A questão tem sido acompanhada também pelo Governo português. Alberto Santos, Secretário de Estado da Cultura, evocou o tema durante a entrega do Prémio Carreira a José Cid nos Play – Prémios da Música Portuguesa, ao afirmar que “o génio da criatividade humana é inimitável e jamais poderá ser reduzido ao vazio de um algoritmo”, numa referência direta ao impacto da IA nas artes.

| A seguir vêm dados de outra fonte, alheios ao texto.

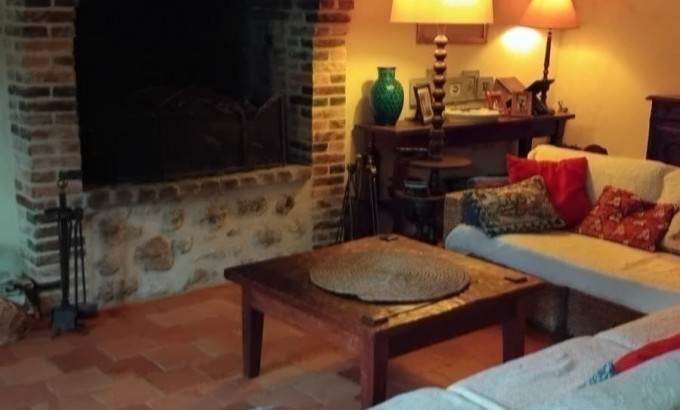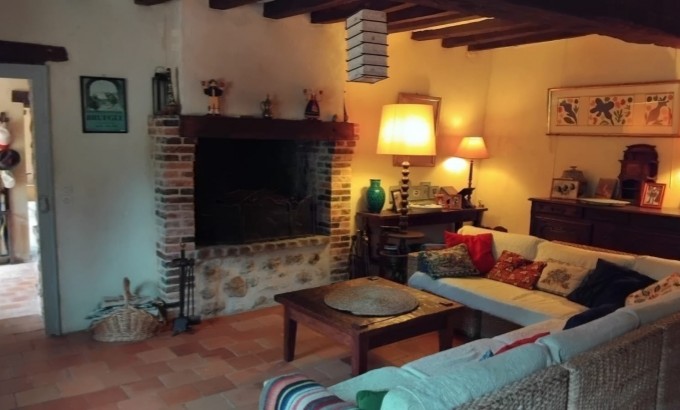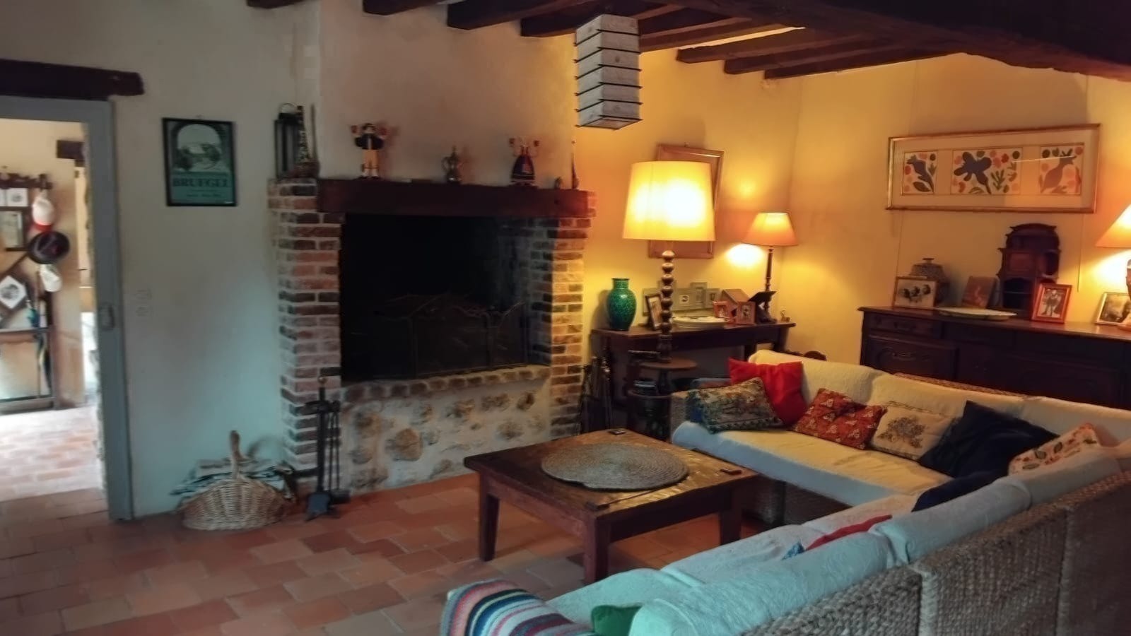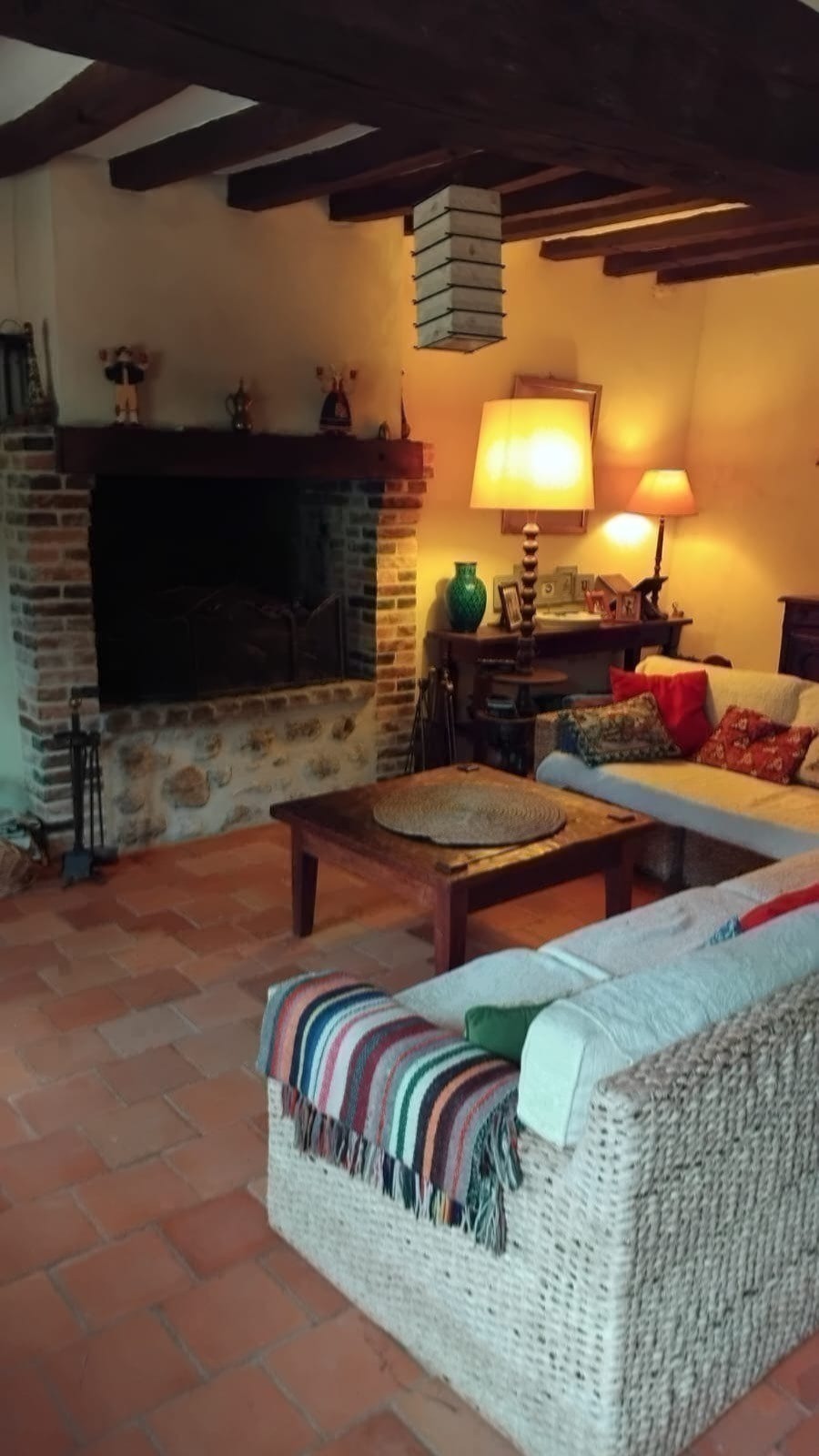 L'entrée, marquée par un ancien four à pain, ouvre sur un vaste salon avec cheminée, poutres apparentes et murs en pierre.

Setores criativos europeus contestam Código de IA
A Audiogest juntou-se a outras associações europeias no apelo à Comissão Europeia para que rejeite esta versão do Código e reforce a proteção dos direitos de autor, garantindo transparência, justa remuneração e respeito pelo trabalho dos criadores. Para a associação portuguesa, a regulação da IA deve ser uma oportunidade para proteger o valor da criatividade humana e não uma ameaça aos pilares das indústrias culturais.
A principal crítica da coligação de autores, intérpretes e titulares de direitos de toda a Europa., dirige-se à introdução de expressões vagas como “esforços razoáveis” por parte dos fornecedores de IAUG para cumprimento da legislação de direitos de autor, em vez de obrigações concretas e verificáveis. A coligação considera que este tipo de linguagem dilui a responsabilidade dos fornecedores e desvirtua o princípio da autorização prévia, pilar do direito de autor europeu.

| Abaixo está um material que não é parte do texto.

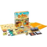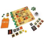 In Sobek: 2 Players, both opponents collect and sell Goods to earn the most Victory Points. On their turn, the player chooses among 3 options: take a tile on the Market, sell a set of Goods or play a Character. When the player takes a tile, they select one on the Ankh pawn’s line and add it to their hand. They then place the Ankh pawn in the line that is indicated by the tile they just took, which determines the choices available to their opponent.

Os autores alertam ainda para a ausência de transparência quanto aos conteúdos utilizados para treinar os modelos de IA. A nova versão elimina a obrigatoriedade de divulgar se os direitos reservados foram respeitados e falha em apresentar um modelo eficaz de “resumo suficientemente detalhado”, o que impossibilita que os titulares de direitos possam exercer os seus direitos de forma prática.
Entre os pontos mais contestados está também a referência ao controlo de acesso como critério suficiente para se considerar o “acesso legítimo” a conteúdos protegidos – uma interpretação que, segundo os signatários, contradiz claramente o direito europeu. Para além disso, o mecanismo de reclamações previsto no Código é considerado ineficaz, por não incluir qualquer obrigação de resolução por parte dos fornecedores de IA.
A coligação destaca que participou de forma construtiva nas fases anteriores da redação do Código, submetendo contribuições e alertas sobre falhas estruturais. No entanto, as suas observações foram amplamente ignoradas, resultando num documento que, no entender dos signatários, compromete seriamente a proteção dos setores culturais e criativos.
Para os representantes da cultura europeia, o Código deveria garantir que os modelos de IA respeitam os princípios fundamentais da propriedade intelectual e permitir o desenvolvimento de uma IA ética, transparente e compatível com a sustentabilidade do setor criativo. A atual versão, dizem, faz exatamente o contrário e não pode, por isso, ser aprovada.